- [Dataset excerpt]:
=== Section Start ===

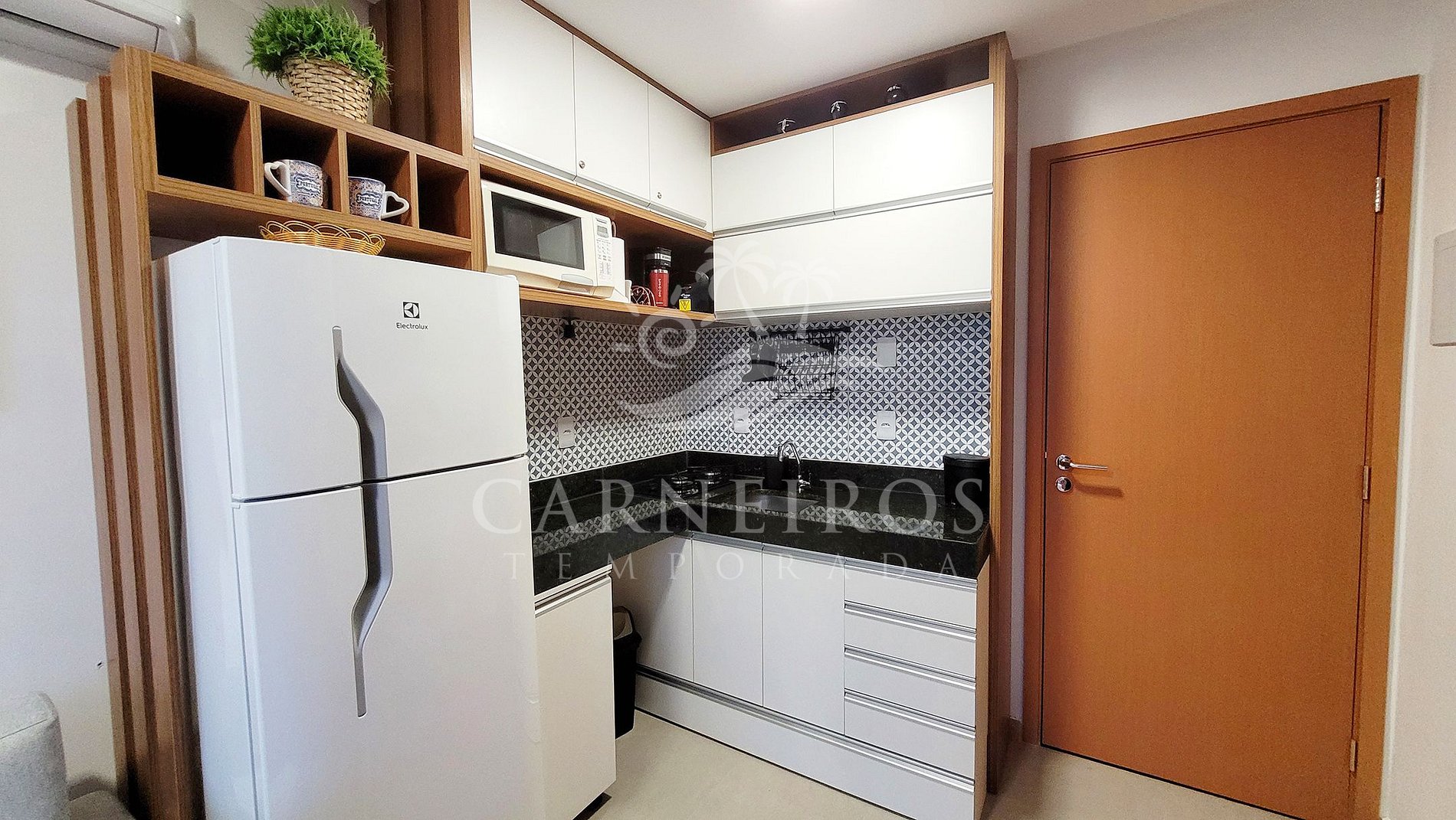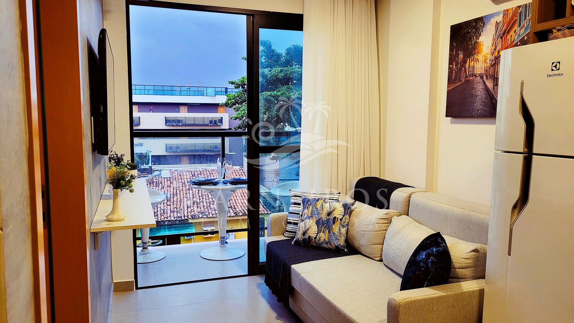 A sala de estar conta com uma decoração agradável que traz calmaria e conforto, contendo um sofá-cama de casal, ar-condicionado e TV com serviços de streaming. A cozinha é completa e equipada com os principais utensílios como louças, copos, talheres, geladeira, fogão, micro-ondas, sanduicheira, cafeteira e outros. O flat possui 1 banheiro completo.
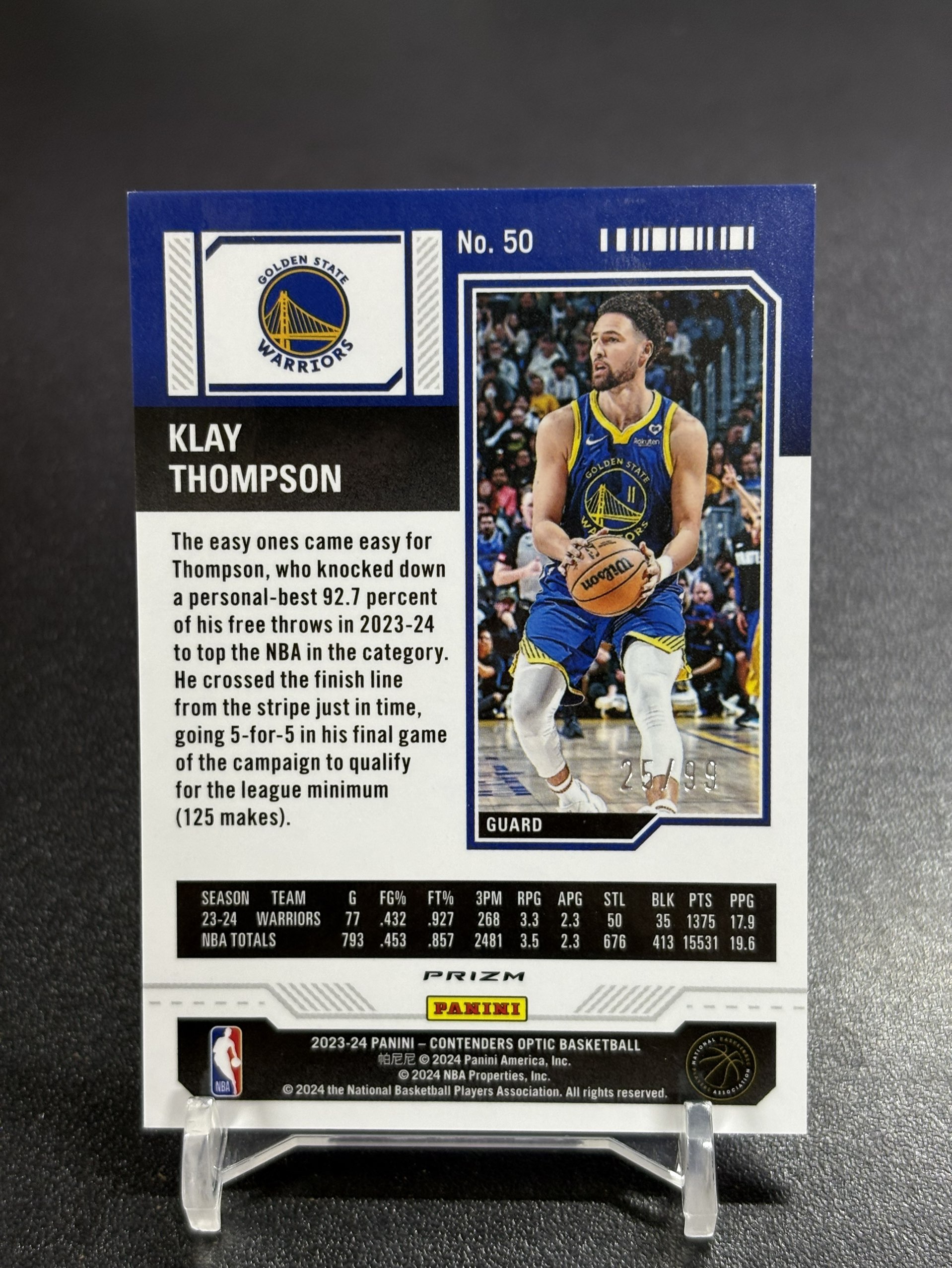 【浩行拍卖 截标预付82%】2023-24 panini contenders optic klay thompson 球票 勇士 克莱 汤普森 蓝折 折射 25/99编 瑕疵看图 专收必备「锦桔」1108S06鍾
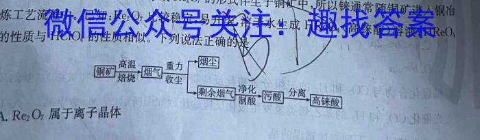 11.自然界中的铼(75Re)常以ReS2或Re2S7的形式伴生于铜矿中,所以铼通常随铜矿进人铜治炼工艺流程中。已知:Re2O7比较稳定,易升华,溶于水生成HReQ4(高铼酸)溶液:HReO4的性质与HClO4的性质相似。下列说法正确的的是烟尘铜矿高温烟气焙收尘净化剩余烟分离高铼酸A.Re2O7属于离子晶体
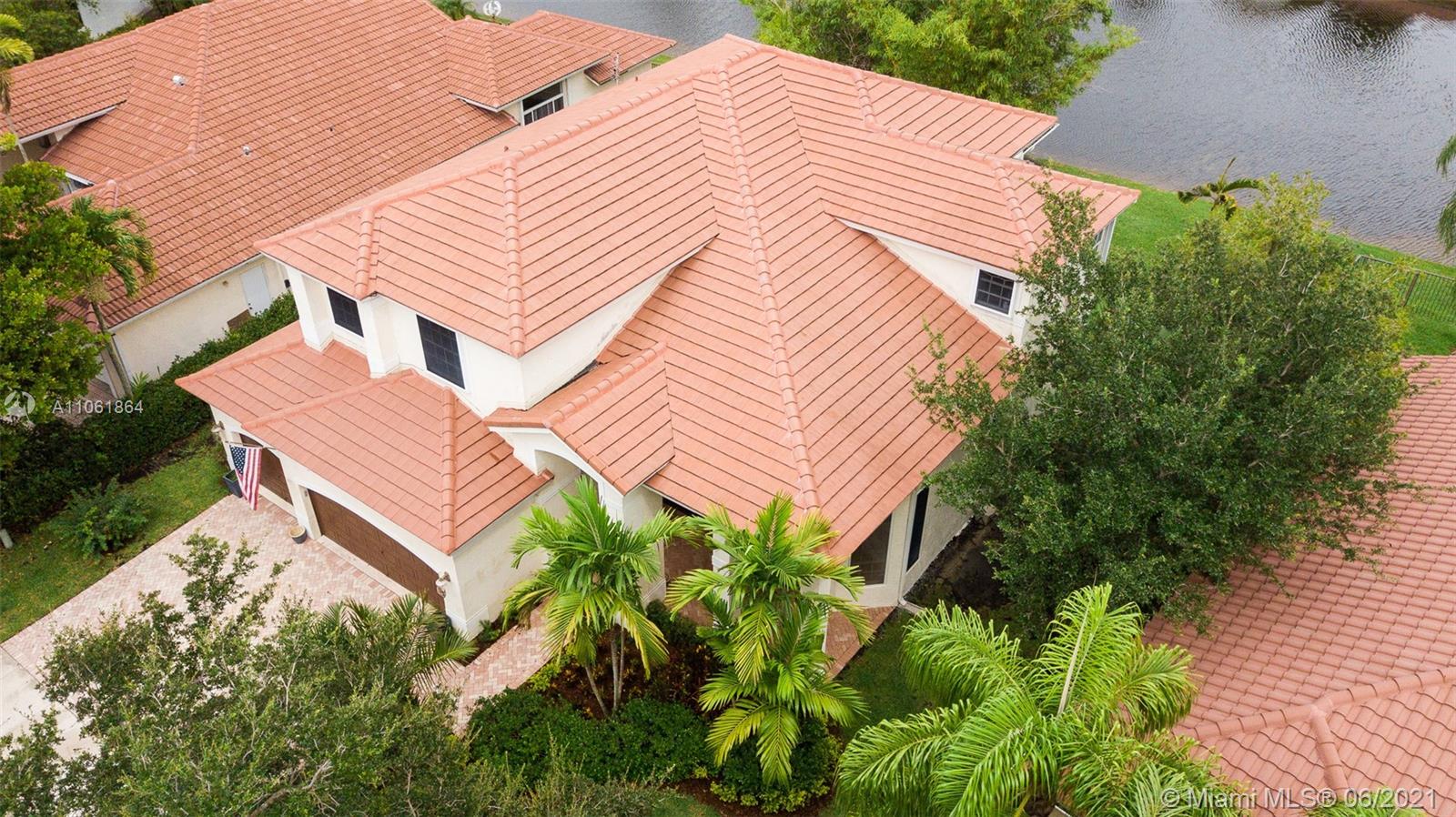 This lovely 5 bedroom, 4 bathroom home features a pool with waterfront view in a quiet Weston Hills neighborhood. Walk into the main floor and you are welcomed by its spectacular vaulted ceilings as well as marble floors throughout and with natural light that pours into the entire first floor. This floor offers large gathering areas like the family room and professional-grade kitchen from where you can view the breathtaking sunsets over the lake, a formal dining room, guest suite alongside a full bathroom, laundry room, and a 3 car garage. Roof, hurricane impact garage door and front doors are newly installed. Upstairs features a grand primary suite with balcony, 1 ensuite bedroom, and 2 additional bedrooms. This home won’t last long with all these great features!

=== Section End ===

- [What is required]: Once the pictures are set aside, retype the rest of the listing exactly.

- [Solution to this exercise]:
 A sala de estar conta com uma decoração agradável que traz calmaria e conforto, contendo um sofá-cama de casal, ar-condicionado e TV com serviços de streaming. A cozinha é completa e equipada com os principais utensílios como louças, copos, talheres, geladeira, fogão, micro-ondas, sanduicheira, cafeteira e outros. O flat possui 1 banheiro completo.
 【浩行拍卖 截标预付82%】2023-24 panini contenders optic klay thompson 球票 勇士 克莱 汤普森 蓝折 折射 25/99编 瑕疵看图 专收必备「锦桔」1108S06鍾
 11.自然界中的铼(75Re)常以ReS2或Re2S7的形式伴生于铜矿中,所以铼通常随铜矿进人铜治炼工艺流程中。已知:Re2O7比较稳定,易升华,溶于水生成HReQ4(高铼酸)溶液:HReO4的性质与HClO4的性质相似。下列说法正确的的是烟尘铜矿高温烟气焙收尘净化剩余烟分离高铼酸A.Re2O7属于离子晶体
 This lovely 5 bedroom, 4 bathroom home features a pool with waterfront view in a quiet Weston Hills neighborhood. Walk into the main floor and you are welcomed by its spectacular vaulted ceilings as well as marble floors throughout and with natural light that pours into the entire first floor. This floor offers large gathering areas like the family room and professional-grade kitchen from where you can view the breathtaking sunsets over the lake, a formal dining room, guest suite alongside a full bathroom, laundry room, and a 3 car garage. Roof, hurricane impact garage door and front doors are newly installed. Upstairs features a grand primary suite with balcony, 1 ensuite bedroom, and 2 additional bedrooms. This home won’t last long with all these great features!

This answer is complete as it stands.